Making your home more environmentally friendly In addition to increased energy efficiency, a new home comfort system can also make less of an environmental impact. Older heating and cooling systems not up to current SEER , HSPF or AFUE standards waste energy, create a bigger carbon footprint and ultimately, end up costing you more money. Fortunately, there are steps you can take to maximize your home's efficiency while also being environmentally friendly.
- Look at your current energy bills to identify inefficiencies. Or use our energy savings calculator to help you decide if your current system should be replaced.
- Purchase equipment with an ENERGY STAR® label. High-efficiency systems reduce your impact on the environment and can also save you money. You may also be eligible for a Federal Tax Credit. Check with us to determine qualifying models.
- Have your NATE-certified technician help you with proper system selection and sizing for your home or business.

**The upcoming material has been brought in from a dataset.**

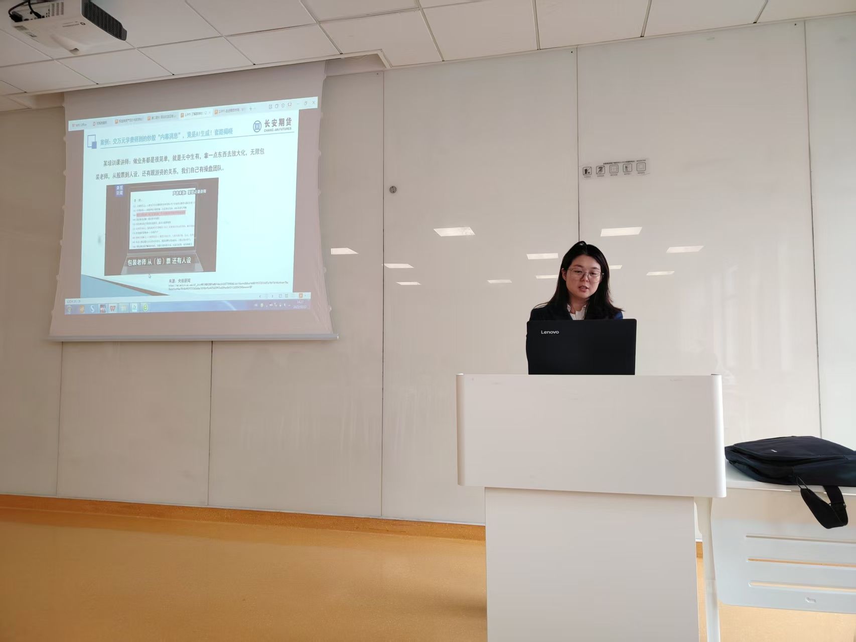 活动于下午14:00准时开始,首先播放了主题宣传片,随后进入专题讲座环节。长安期货合规风控部高级主管苟亚茹以“了解数字时代新骗局,防范非法证券期货等欺诈活动”为题,结合真实案例,深入浅出地剖析了当前常见的非法金融诈骗手段,包括虚假投资平台、高额返利陷阱、非法集资等。还剖析了当前数字化背景下常见的非法金融活动特征与识别要点,讲解了如何识别和防范金融诈骗的关键,帮助师生筑牢金融安全思想防线,增强风险识别和抵御能力。
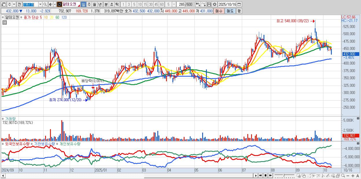 - 알테오젠 (432,000원 ▼ -2.92% , 시총: 231,145억, 외국인 순매수 거래금:108억)

- Compare the SEER or AFUE of your cooling or heating system with newer models. If it's below 13, you may want to consider a new, more efficient system. Remember, the higher the rating, the less wasted energy and reduced carbon footprint. Use our energy savings calculator to help determine the efficiency of your current cooling or heating system as compared to a more efficient HVAC system.
- Look into geothermal heating systems. By using the earth's natural heat, these systems are among the most efficient and energy-conserving heating and cooling technologies currently available.
- Have your system serviced regularly for optimal performance. Change your air filters monthly.
- Use of a humidifier during colder months not only adds moisture to your home, but it can actually make it feel warmer. In turn, you'll be more apt to lower your thermostat—saving money and consuming less energy.
- Ceiling fans can help delay or reduce the need for air conditioning.
- Make sure your new air conditioner uses environmentally friendly R-410A refrigerant. It's not only better for the environment, but by 2010 will replace all other air conditioner refrigerants.
- Plant more trees on your property. By doing so, the shade it gives off will make your home feel cooler in the warmer months. In addition to climate control, trees also improve air quality.
- Install a programmable thermostat to keep temperatures regulated all year long.
- Make sure your home is properly insulated—drafty windows and doors waste energy
No matter what you do, when it is 68 F inside your house, and 0 degrees outside your house; the cold will suck the heat out of your house. It will pull at a certain rate through the exposed walls and ceilings, through the windows and floors. This is known as heat transfer.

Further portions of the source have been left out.